[Recorded information Boundary: Start]
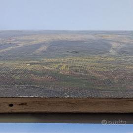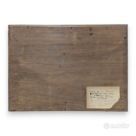 Quadro olio su tela (cm 28x38), fissato su tavola forse successiva, incorniciato con vetro (cm 38x48,5), firmato E. Calvi in basso a sinistra.
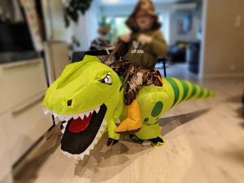 Der Dino wird mit einer mitgelieferten Pumpe betrieben, damit das Kostüm immer voll aufgeblasen ist.
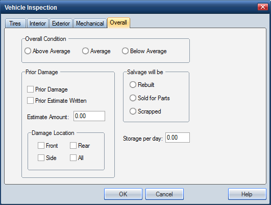 Use the Overall tab on the Vehicle Inspection dialog box to enter information about the overall condition of the vehicle.
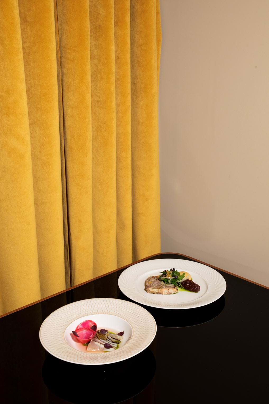Featuring floor-to-ceiling windows, decadent materials and textures creating a distinctive balance between hard and soft materials. The central bar sits between the restaurant and lounge. Bespoke furniture pieces designed by Sella Concept line the windows and restaurant space. Terracotta, green and yellow finishes mixed with stainless steel, microcement and high gloss paints create an intimate and dynamic atmosphere.
[Recorded information Boundary: End]
Work to complete: Only the pictures should be left out; the rest of the material above must be repeated exactly.

Your solution:
 Quadro olio su tela (cm 28x38), fissato su tavola forse successiva, incorniciato con vetro (cm 38x48,5), firmato E. Calvi in basso a sinistra.
 Der Dino wird mit einer mitgelieferten Pumpe betrieben, damit das Kostüm immer voll aufgeblasen ist.
 Use the Overall tab on the Vehicle Inspection dialog box to enter information about the overall condition of the vehicle.
Featuring floor-to-ceiling windows, decadent materials and textures creating a distinctive balance between hard and soft materials. The central bar sits between the restaurant and lounge. Bespoke furniture pieces designed by Sella Concept line the windows and restaurant space. Terracotta, green and yellow finishes mixed with stainless steel, microcement and high gloss paints create an intimate and dynamic atmosphere.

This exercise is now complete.